Would it be possible to output exactly, and only, the lines below from the one holding "Our guide, Rob, was" to the last line, both included, with every picture left out?

» **Data segment**:
* * * *

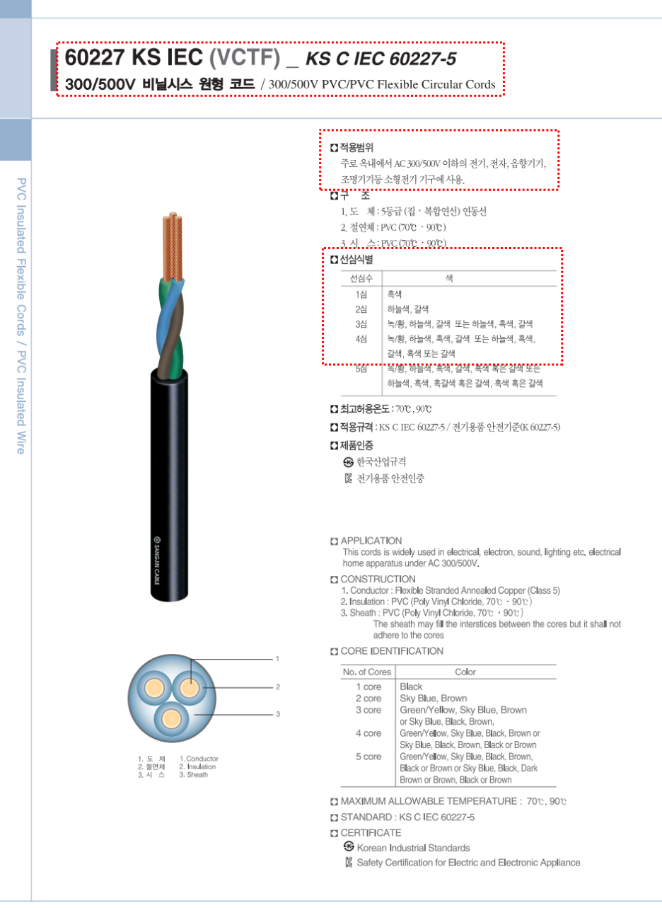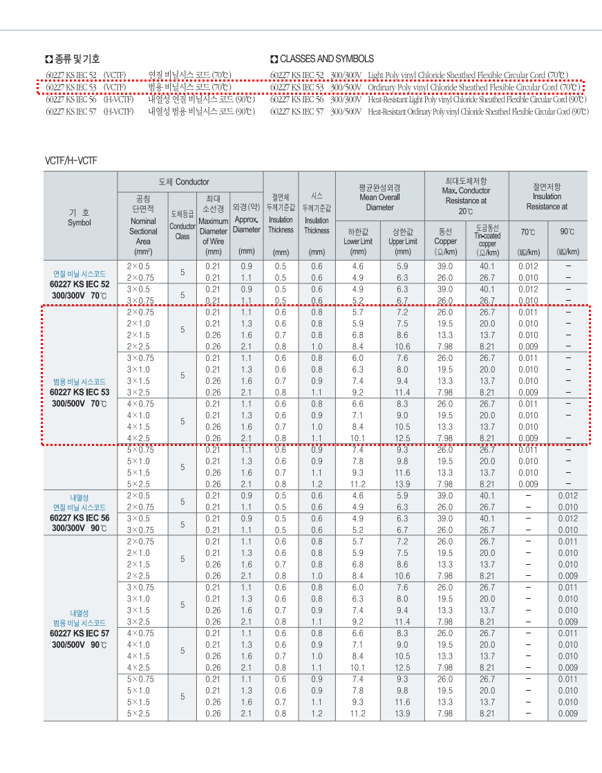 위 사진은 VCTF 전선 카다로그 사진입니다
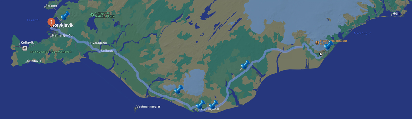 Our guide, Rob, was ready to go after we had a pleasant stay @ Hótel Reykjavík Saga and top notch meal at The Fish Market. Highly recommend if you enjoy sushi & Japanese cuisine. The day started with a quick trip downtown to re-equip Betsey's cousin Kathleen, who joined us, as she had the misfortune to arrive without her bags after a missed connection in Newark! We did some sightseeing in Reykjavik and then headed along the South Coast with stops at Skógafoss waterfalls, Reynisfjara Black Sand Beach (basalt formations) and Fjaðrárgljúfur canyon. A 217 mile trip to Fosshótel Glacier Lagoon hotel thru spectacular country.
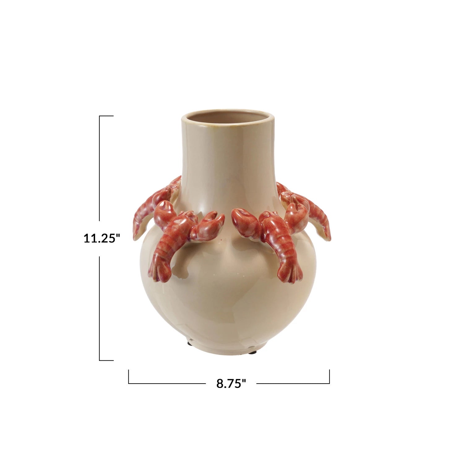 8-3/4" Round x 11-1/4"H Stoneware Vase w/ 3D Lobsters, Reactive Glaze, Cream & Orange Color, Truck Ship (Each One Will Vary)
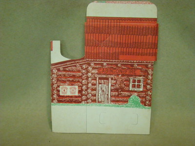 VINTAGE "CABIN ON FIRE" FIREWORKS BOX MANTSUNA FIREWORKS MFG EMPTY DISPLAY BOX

* * * *

» **Response area**:
 Our guide, Rob, was ready to go after we had a pleasant stay @ Hótel Reykjavík Saga and top notch meal at The Fish Market. Highly recommend if you enjoy sushi & Japanese cuisine. The day started with a quick trip downtown to re-equip Betsey's cousin Kathleen, who joined us, as she had the misfortune to arrive without her bags after a missed connection in Newark! We did some sightseeing in Reykjavik and then headed along the South Coast with stops at Skógafoss waterfalls, Reynisfjara Black Sand Beach (basalt formations) and Fjaðrárgljúfur canyon. A 217 mile trip to Fosshótel Glacier Lagoon hotel thru spectacular country.
 8-3/4" Round x 11-1/4"H Stoneware Vase w/ 3D Lobsters, Reactive Glaze, Cream & Orange Color, Truck Ship (Each One Will Vary)
 VINTAGE "CABIN ON FIRE" FIREWORKS BOX MANTSUNA FIREWORKS MFG EMPTY DISPLAY BOX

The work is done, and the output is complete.